Problem to solve:
Restate the lines word for word, from the first line of the records through the line containing "and less searching.". Leave out the pictures and anything after that line.

Recorded data:
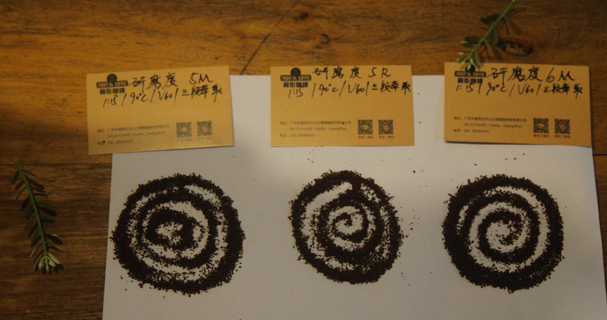 Through three different grind sizes, it's clearly evident that [BG-5M] (China standard 20-mesh sieve pass rate 64%) extracted in 1'37". Because its ground coffee is relatively finer, the surface area of the coffee particles increases, and the larger the contact area with water, the higher the corresponding extraction rate. Therefore, FrontStreet Coffee shortened its extraction time to avoid over-extraction of the coffee.
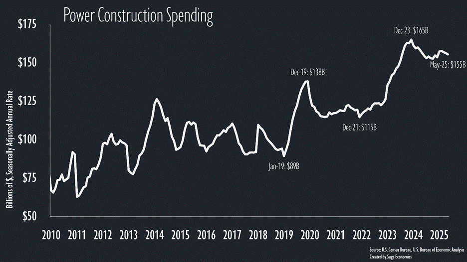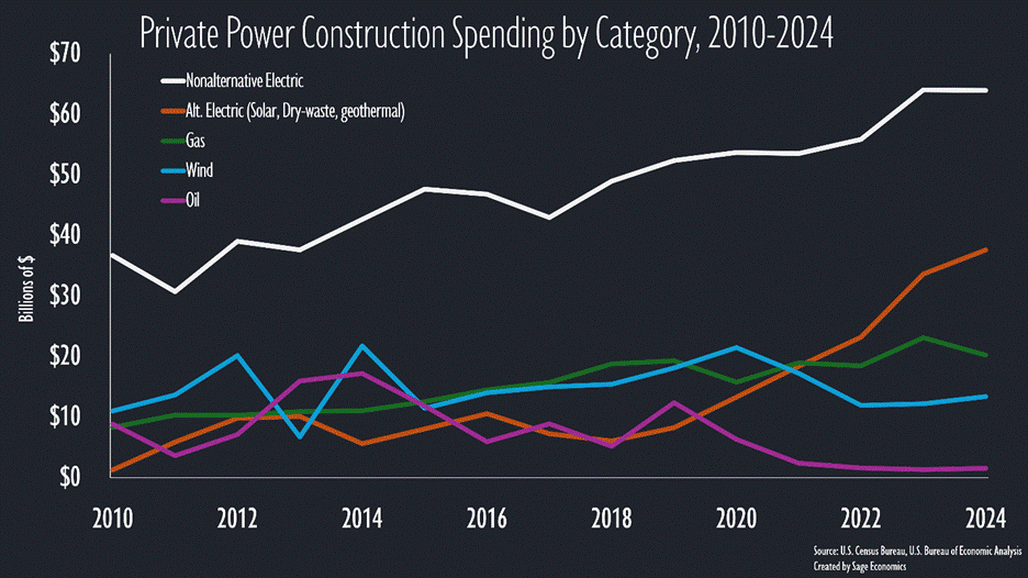 Alternative energy categories like solar and geothermal are booming, with construction spending up an incredible 2,834% since 2010.
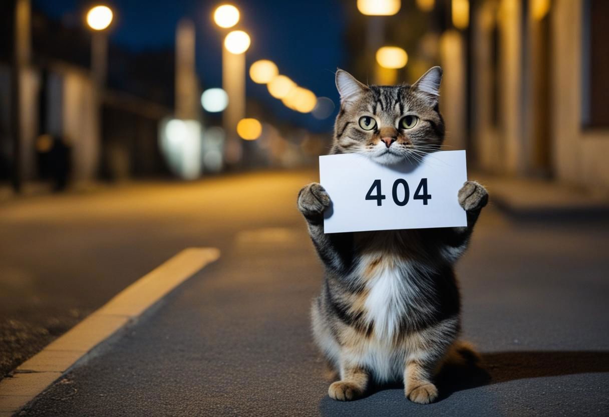 A sad cat on a street, holding up a card board sign with the text "404", background is empty street, no people around, shot at night
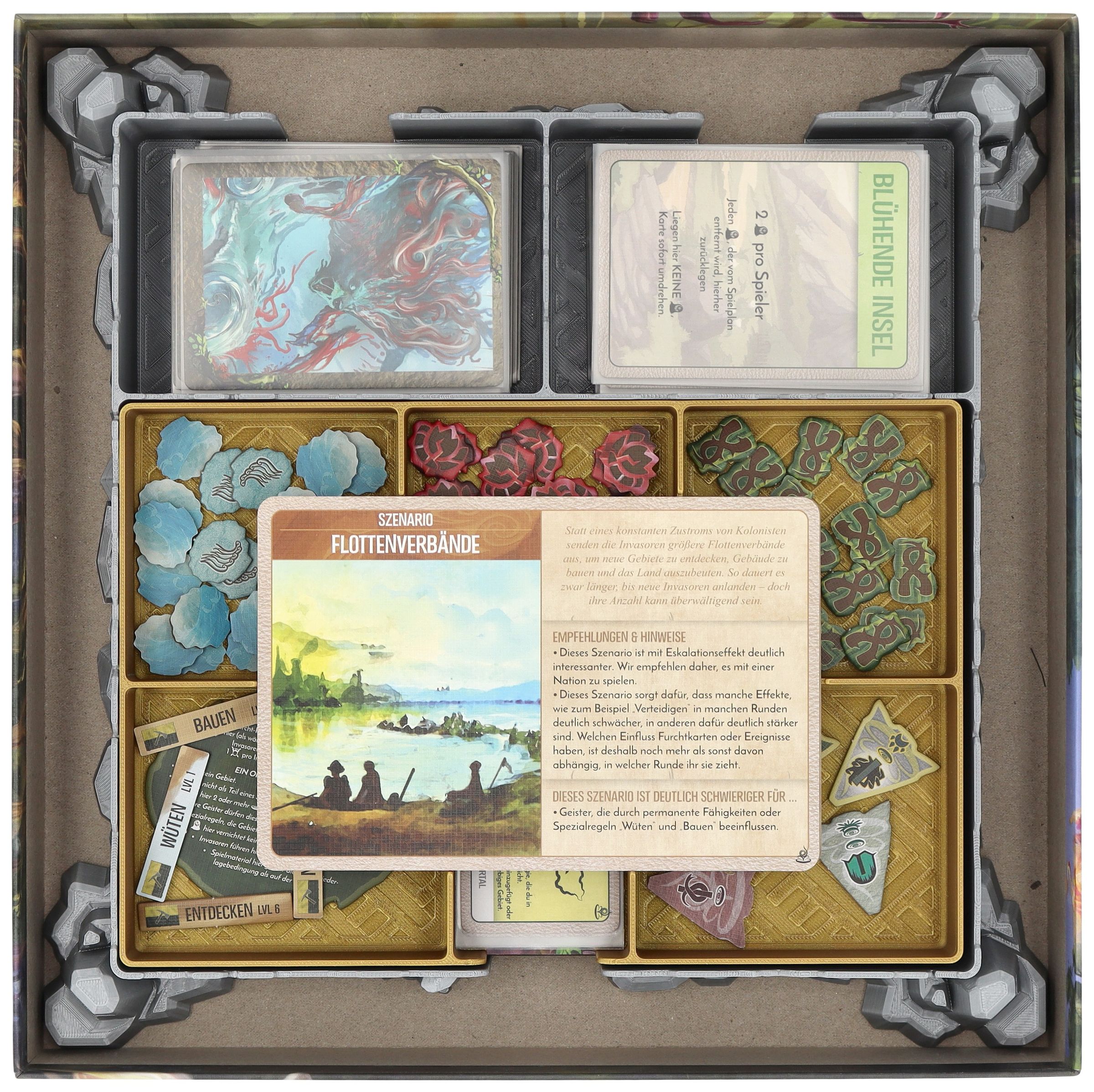 The “Nature Incarnate” expansion makes Spirit Island even more profound – new spirits, scenarios, and abilities bring a breath of fresh air to your defense of the island. To help you keep track of everything, our Feldherr Organizer Insert keeps your board game box tidy and structured – for better game flow and less searching.
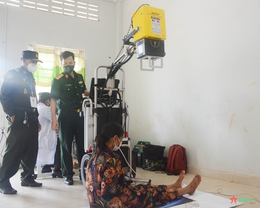 Trong đợt khám bệnh miễn phí đợt này cho người dân Campuchia, Cục Quân y đã chủ trì phối hợp với các đơn vị triển khai nhiều máy móc trang thiết bị y tế hiện đại trên các lĩnh vực: Xét nghiệm Covid-19; nội khoa; ngoại khoa; khám nhi; X-quang; siêu âm; điện tim; xét nghiệm… Tại các bàn khám bệnh, cấp thuốc miễn phí, đội ngũ y, bác sĩ đã tận tình khám bệnh, cấp thuốc miễn phí cho người dân Campuchia. Mọi người dân đến khám bệnh đều được Cục Quân y tặng quà.
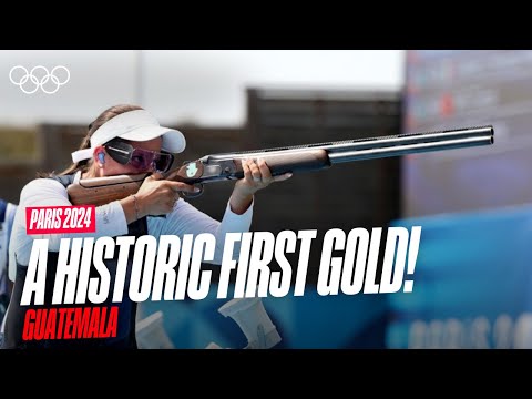 πΊ Re-live ALL the incredible #Paris2024 action: β‘οΈ https://oly.ch/P24Replays Watch Adriana Ruano win Guatemala's first-ever gold medal in women's trap shooting at the Paris 2024 Olympics. Ruano set an Olympic record with a total score of 45. Guatemala won another bronze medal during the Games, in the men's trap shooting final by Jean Pierre Brol. This was the first Olympic medal for both athletes. __________________...
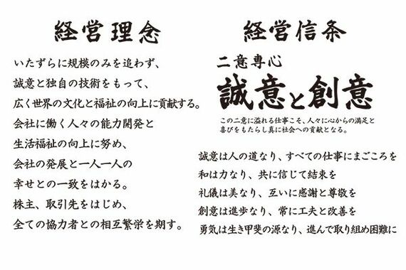 経営理念には、時代のニーズを先取りしたモノづくりを通して、社会に貢献し、信頼される企業を目指すという強い意志が込められている
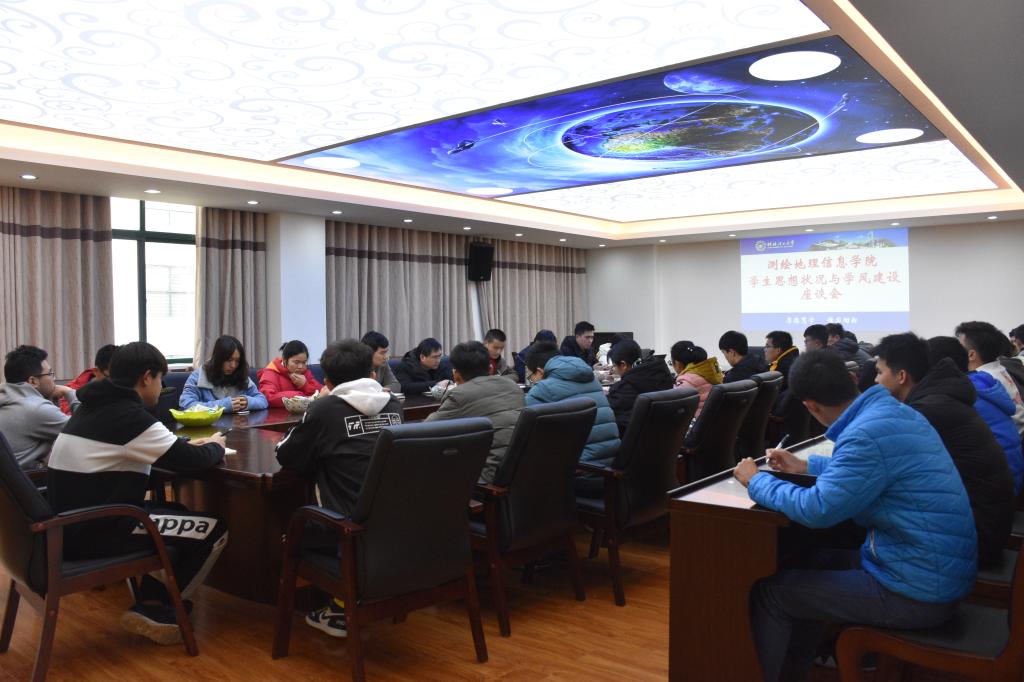为深入了解开学初学生的思想动态,了解学生的真实需求,进一步完善学院教学工作与学生工作相关举措,提升育人成效,3月6日下午,测绘学院在雁山校区02226会议室召开新学期学生思想状况与学风建设座谈会。学院党委副书记周明权、副院长任超、教师代表以及全体辅导员出席了座谈会,全院各年级学生代表40余人参加了会议。会议由院党委副书记周明权主持。
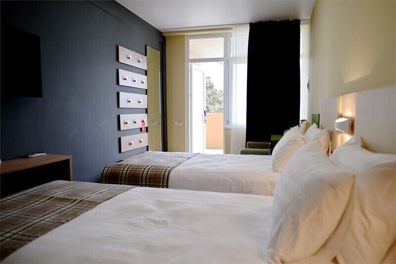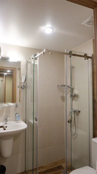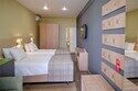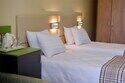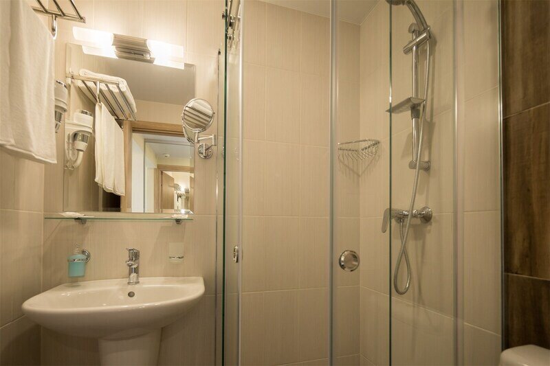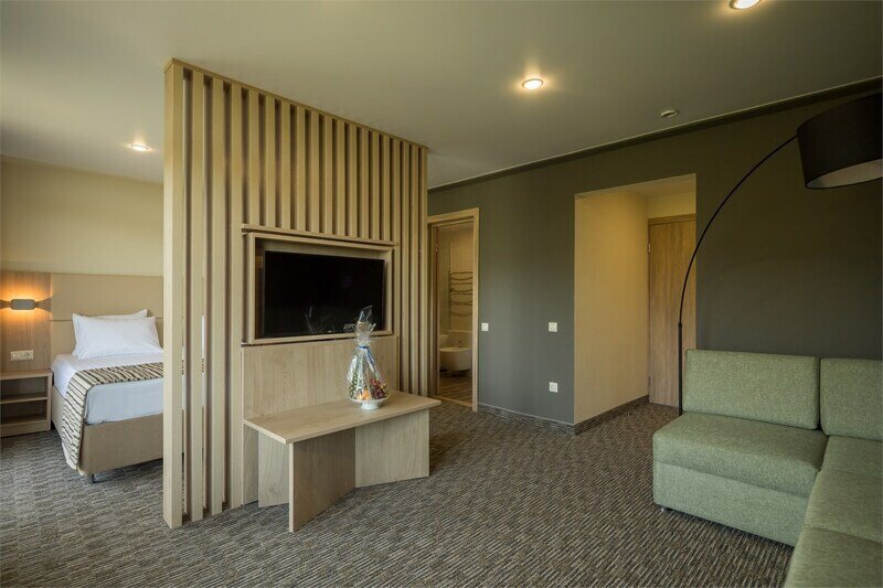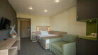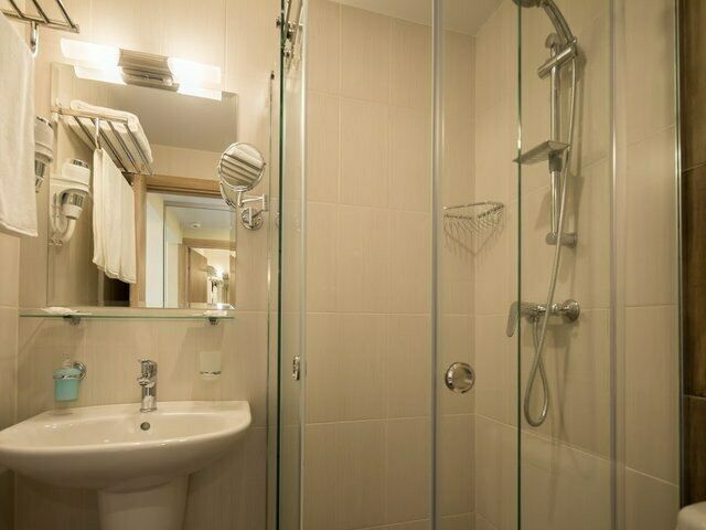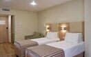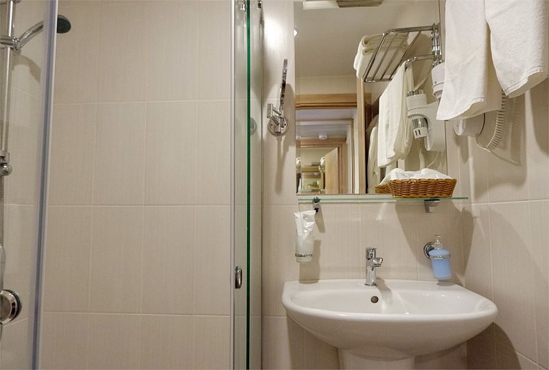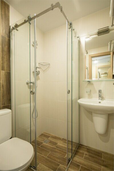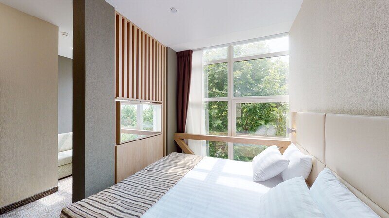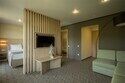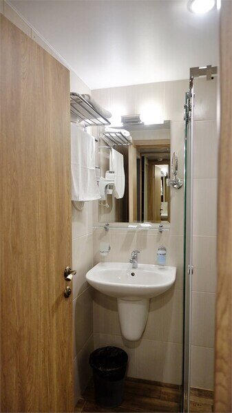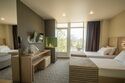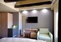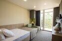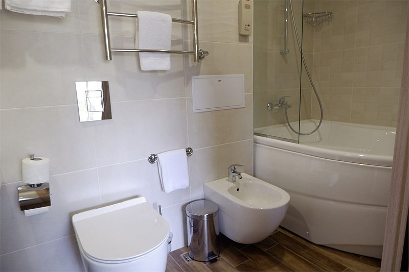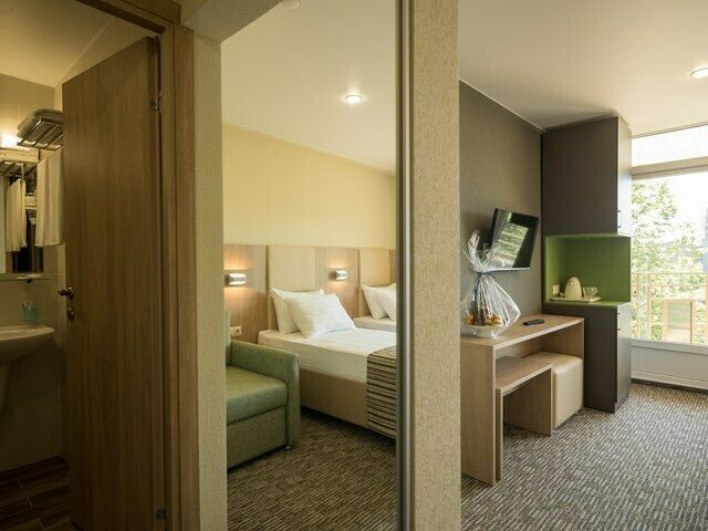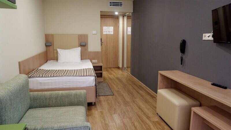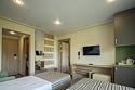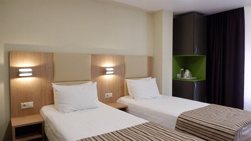 В номере: две односпальные кровати (90х200) с возможностью соединения в одну двуспальную кровать (180х200), дополнительное место (раскладной диван), совмещенный санузел.
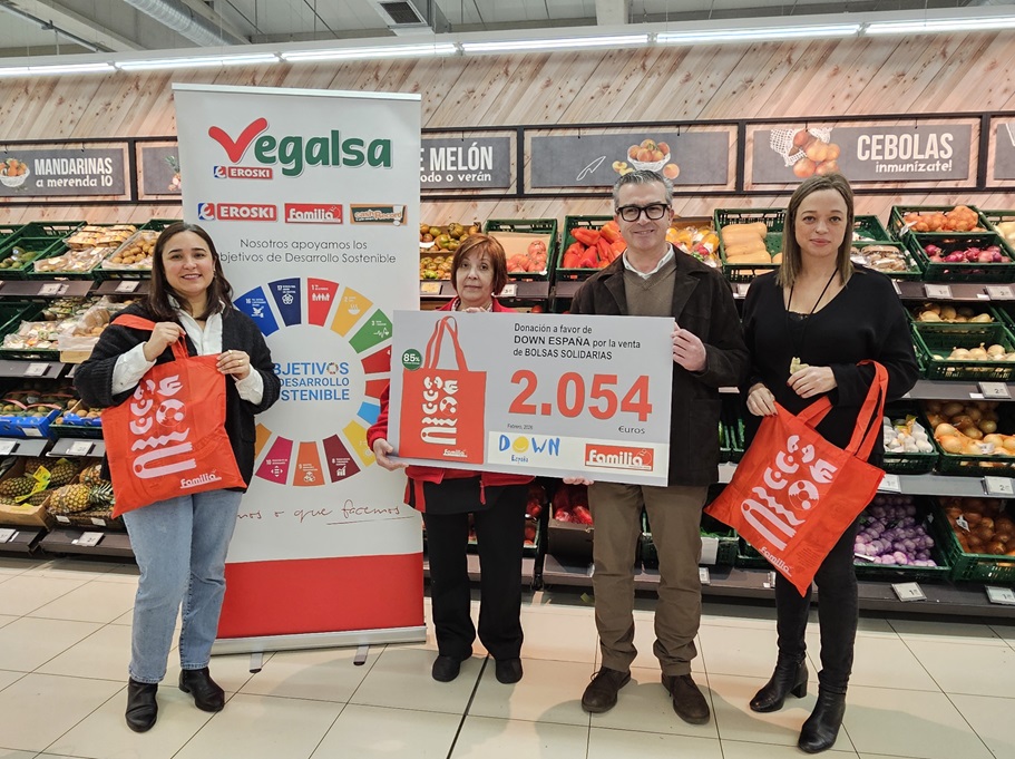 25 de febrero de 2026La compañía gallega de distribución alimentaria Vegalsa-Eroski ha hecho entrega de dos cheques por un valor total de 3.533 euros a causas sociales, de los cuales 1.479 euros se han destinado a la Fundación Meniños, a través de su enseña Eroski, y 2.054 euros a DOWN ESPAÑA, mediante la enseña...

Result for this task:
 Through three different grind sizes, it's clearly evident that [BG-5M] (China standard 20-mesh sieve pass rate 64%) extracted in 1'37". Because its ground coffee is relatively finer, the surface area of the coffee particles increases, and the larger the contact area with water, the higher the corresponding extraction rate. Therefore, FrontStreet Coffee shortened its extraction time to avoid over-extraction of the coffee.
 Alternative energy categories like solar and geothermal are booming, with construction spending up an incredible 2,834% since 2010.
 A sad cat on a street, holding up a card board sign with the text "404", background is empty street, no people around, shot at night
 The “Nature Incarnate” expansion makes Spirit Island even more profound – new spirits, scenarios, and abilities bring a breath of fresh air to your defense of the island. To help you keep track of everything, our Feldherr Organizer Insert keeps your board game box tidy and structured – for better game flow and less searching.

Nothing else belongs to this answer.